- **EXERCISE**
Once the line containing "Для последнего рода" is reached in the listing below, reproduce it and all later lines through the final one exactly, but omit any pictures.

- **DATA EXTRACT**
[Start of Attachment]

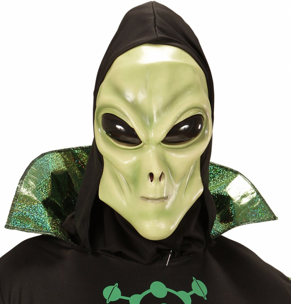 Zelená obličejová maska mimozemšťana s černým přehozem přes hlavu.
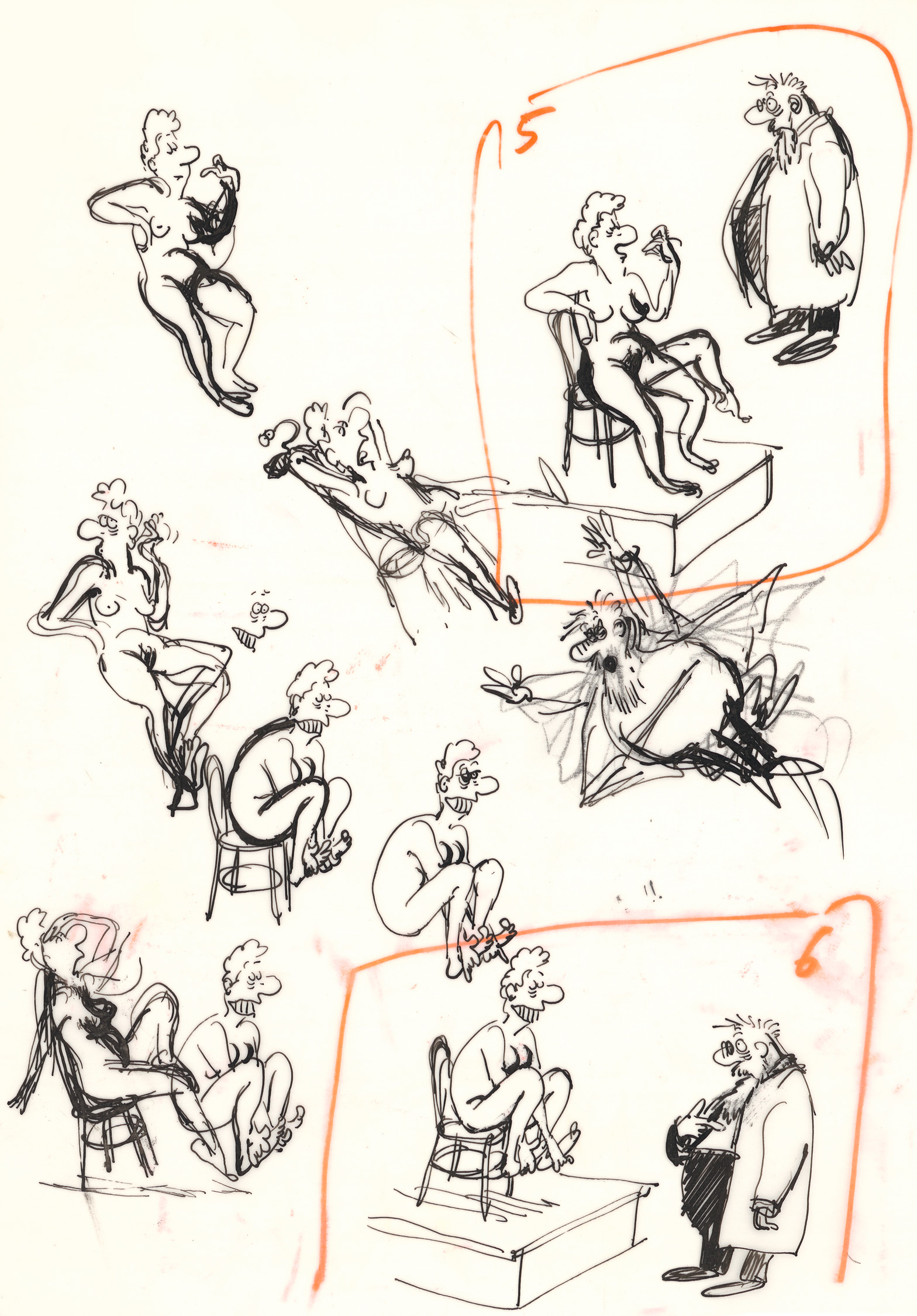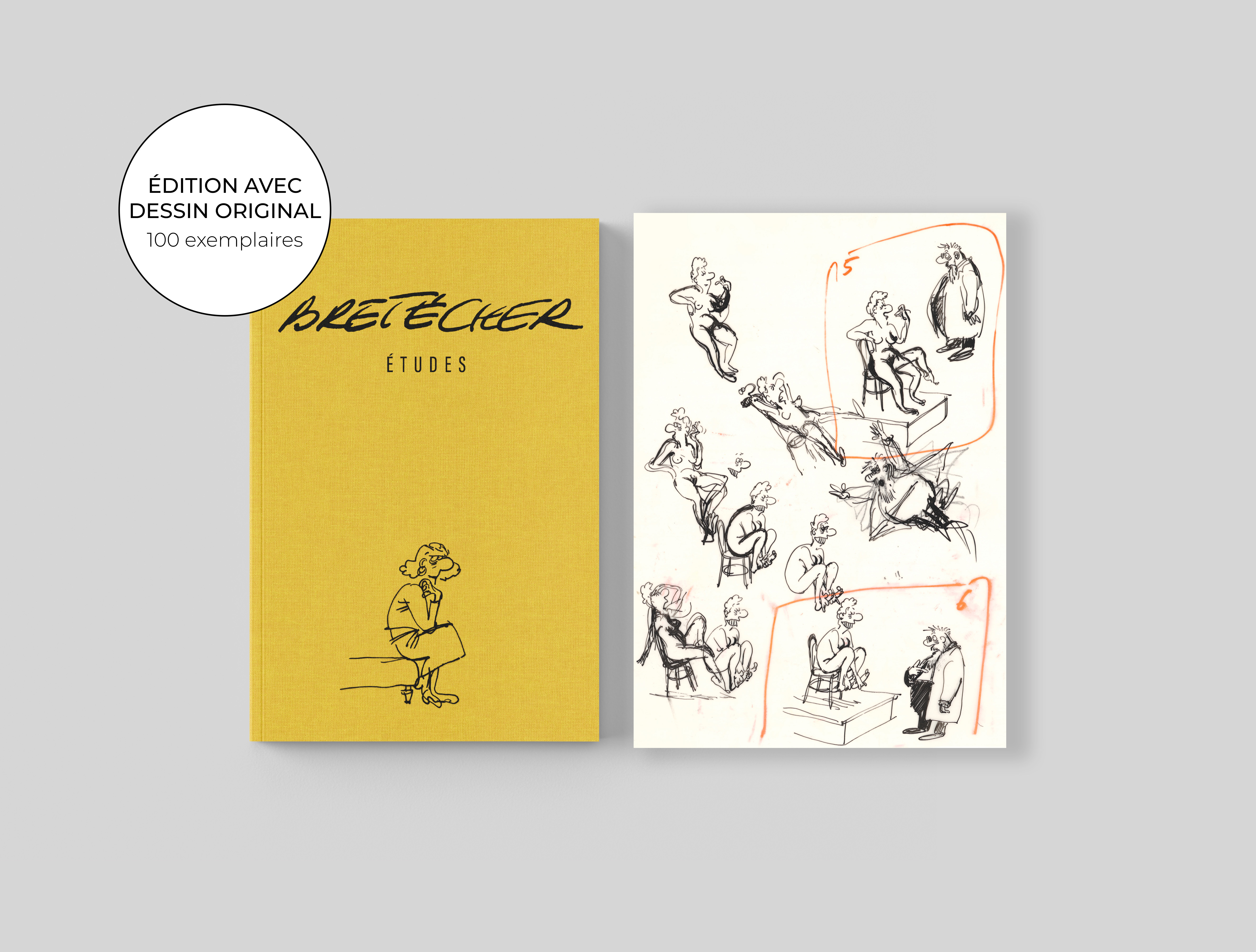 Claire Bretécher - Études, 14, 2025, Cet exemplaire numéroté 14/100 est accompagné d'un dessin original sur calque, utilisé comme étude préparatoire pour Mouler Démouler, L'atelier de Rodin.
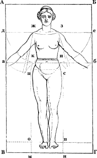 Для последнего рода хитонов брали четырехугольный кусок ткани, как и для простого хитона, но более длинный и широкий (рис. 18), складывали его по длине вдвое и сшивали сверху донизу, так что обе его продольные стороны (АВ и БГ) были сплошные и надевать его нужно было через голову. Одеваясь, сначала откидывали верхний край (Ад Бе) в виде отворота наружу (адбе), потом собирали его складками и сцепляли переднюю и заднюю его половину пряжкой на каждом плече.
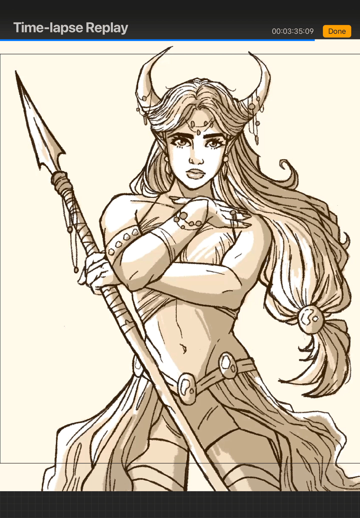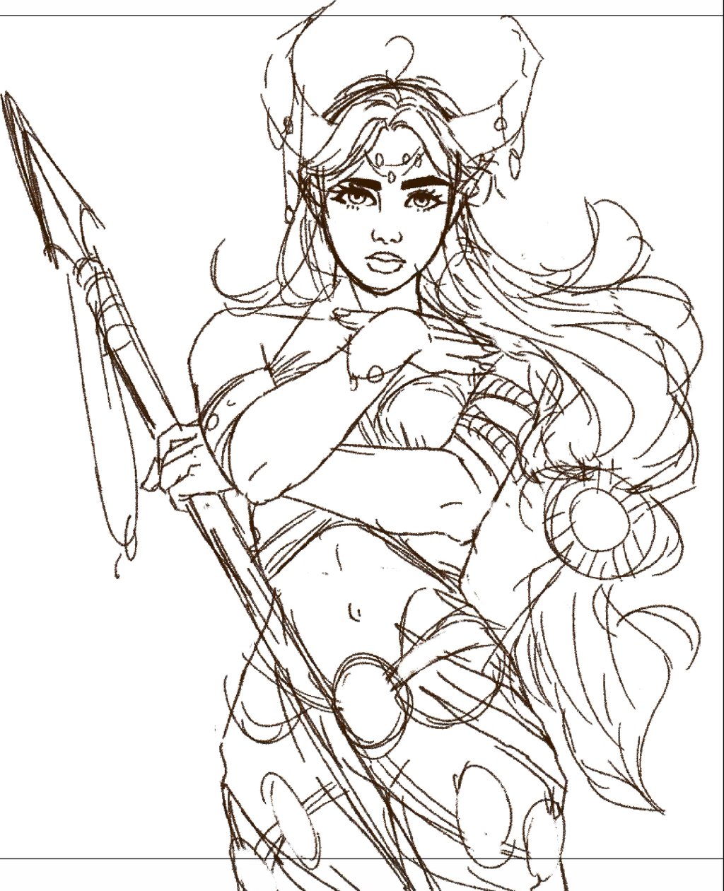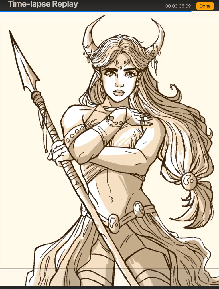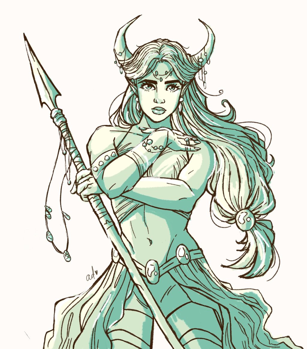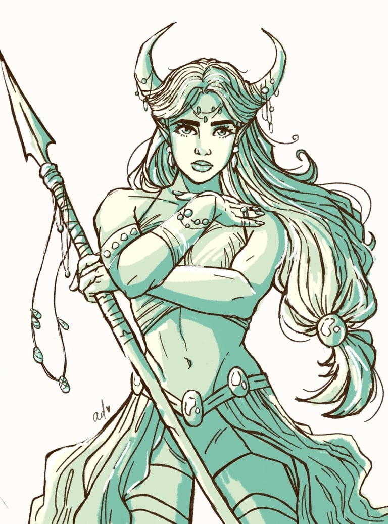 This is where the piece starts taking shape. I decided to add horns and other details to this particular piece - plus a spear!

[End of Attachment]

- **TASK RESULT**
 Для последнего рода хитонов брали четырехугольный кусок ткани, как и для простого хитона, но более длинный и широкий (рис. 18), складывали его по длине вдвое и сшивали сверху донизу, так что обе его продольные стороны (АВ и БГ) были сплошные и надевать его нужно было через голову. Одеваясь, сначала откидывали верхний край (Ад Бе) в виде отворота наружу (адбе), потом собирали его складками и сцепляли переднюю и заднюю его половину пряжкой на каждом плече.
 This is where the piece starts taking shape. I decided to add horns and other details to this particular piece - plus a spear!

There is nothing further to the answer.